I am trying to "flatten" a list of ranges in a defined order (alphabetically by name in the examples provided) to a single merged result. Newer Ranges overwrite values of older ranges. Conceptually it looks like this, with "e" being the newest range:

0   1   2   3   4   5   6   7

|-------------a-------------|
        |---b---|            
    |---c---|                
                |---d---|    
            |---e---|        

|-a-|---c---|---e---|-d-|-a-|  <-- expected result

To prevent further confusion: The expected result here is indeed correct. The values 0 - 7 are just the ranges' values, not a progression in time. I use integers for simplicity here, but the values might not be discrete but continuous.

Note that b is completely overshadowed and not relevant anymore.

the data may be modeled like this in SQL:

create table ranges (
    name varchar(1),
    range_start integer,
    range_end integer
);

insert into ranges (name, range_start, range_end) values ('a', 0, 7);
insert into ranges (name, range_start, range_end) values ('b', 2, 4);
insert into ranges (name, range_start, range_end) values ('c', 1, 3);
insert into ranges (name, range_start, range_end) values ('d', 4, 6);
insert into ranges (name, range_start, range_end) values ('e', 3, 5);
-- assume alphabetical order by name

It would be perfect if there was a way to directly query the result in SQL, e.g. like this:

select *magic* from ranges;
-- result:
+------+-------------+-----------+
| a    |           0 |         1 |
| c    |           1 |         3 |
| e    |           3 |         5 |
| d    |           5 |         6 |
| a    |           6 |         7 |
+------+-------------+-----------+

But I suspect that is not realistically feasible, therefore I need to at least filter out all ranges that are overshadowed by newer ones, as is the case for b in the example above. Otherwise the query would need to transfer more and more irrelevant data as the database grows and new ranges overshadow older ones. For the example above, such a query could return all entries except for b, e.g.:

select *magic* from ranges;
-- result:
+------+-------------+-----------+
| a    |           0 |         7 |
| c    |           1 |         3 |
| d    |           4 |         6 |
| e    |           3 |         5 |
+------+-------------+-----------+

I was unable to construct such a filter in SQL. The only thing I managed to do is query all data and then calculate the result in code, for example in Java using the Google Guava library:

final RangeMap<Integer, String> rangeMap = TreeRangeMap.create();
rangeMap.put(Range.closedOpen(0, 7), "a");
rangeMap.put(Range.closedOpen(2, 4), "b");
rangeMap.put(Range.closedOpen(1, 3), "c");
rangeMap.put(Range.closedOpen(4, 6), "d");
rangeMap.put(Range.closedOpen(3, 5), "e");
System.out.println(rangeMap);
// result: [[0..1)=a, [1..3)=c, [3..5)=e, [5..6)=d, [6..7)=a]

Or by hand in python:

import re
from collections import namedtuple
from typing import Optional, List

Range = namedtuple("Range", ["name", "start", "end"])

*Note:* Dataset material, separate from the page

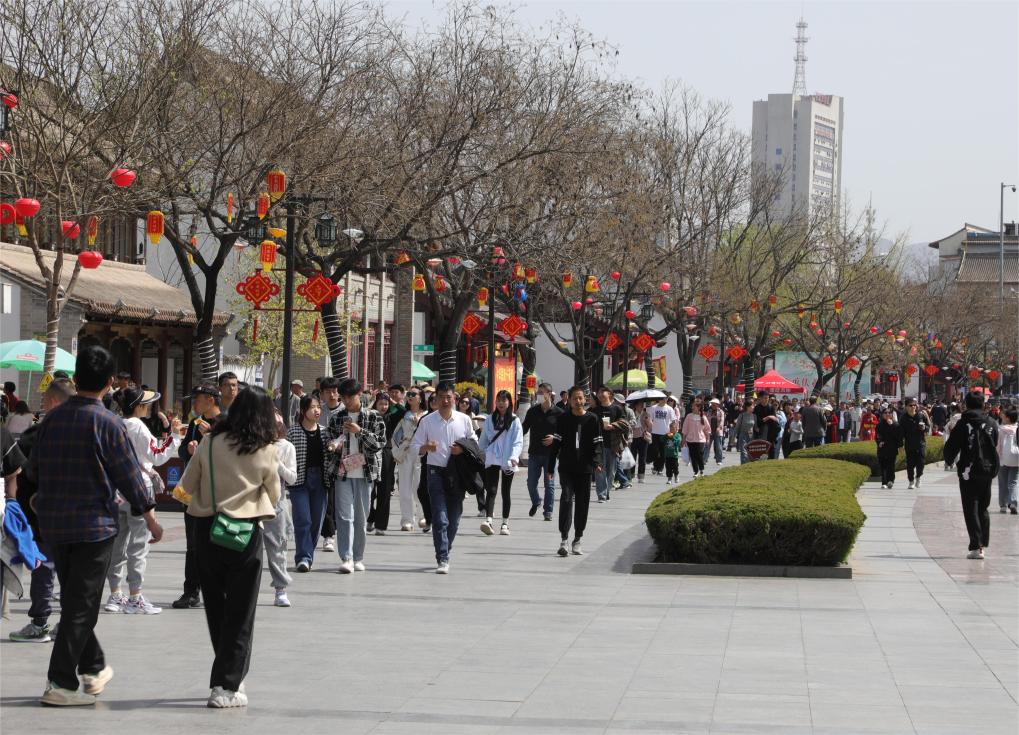 4月4日,游客在甘肃省天水市伏羲城步行街游览参观。新华社记者张智敏摄
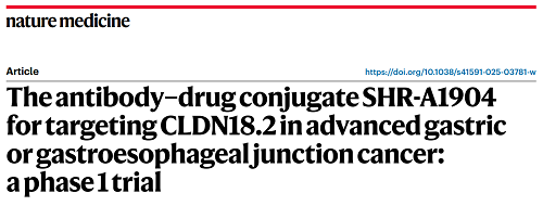 bwin必赢CLDN18.2 ADC创新药SHR-A1904治疗胃癌临床研究结果荣登Nature Medicine

def overlap(lhs: Range, rhs: Range) -> Optional[Range]:
    if lhs.end <= rhs.start or rhs.end <= lhs.start:
        return None
    return Range(None, min(lhs.start, rhs.start), max(lhs.end, rhs.end))


def range_from_str(str_repr: str) -> Range:
    name = re.search(r"[a-z]+", str_repr).group(0)
    start = str_repr.index("|") // 4
    end = str_repr.rindex("|") // 4
    return Range(name, start, end)


if __name__ == '__main__':
    ranges: List[Range] = [
        #               0   1   2   3   4   5   6   7
        range_from_str("|-------------a-------------|"),
        range_from_str("        |---b---|            "),
        range_from_str("    |---c---|                "),
        range_from_str("                |---d---|    "),
        range_from_str("            |---e---|        "),
        # result:       |-a-|---c---|---e---|-d-|-a-|
    ]

    result: List[Range] = []
    for range in ranges:
        for i, res in enumerate(result[:]):
            o = overlap(range, res)
            if o:
                result.append(Range(res.name, o.start, range.start))
                result.append(Range(res.name, range.end, o.end))
                result[i] = Range(res.name, 0, 0)
        result.append(range)
    result = sorted(filter(lambda r: r.start < r.end, result), key=lambda r: r.start)
    print(result)
    # result: [Range(name='a', start=0, end=1), Range(name='c', start=1, end=3), Range(name='e', start=3, end=5), Range(name='d', start=5, end=6), Range(name='a', start=6, end=7)]
like image 871
Felk Avatar asked Sep 30 '20 12:09

Felk


2 Answers

There is also another less effective but easier and shorter approach: to generate all points and just aggregate them.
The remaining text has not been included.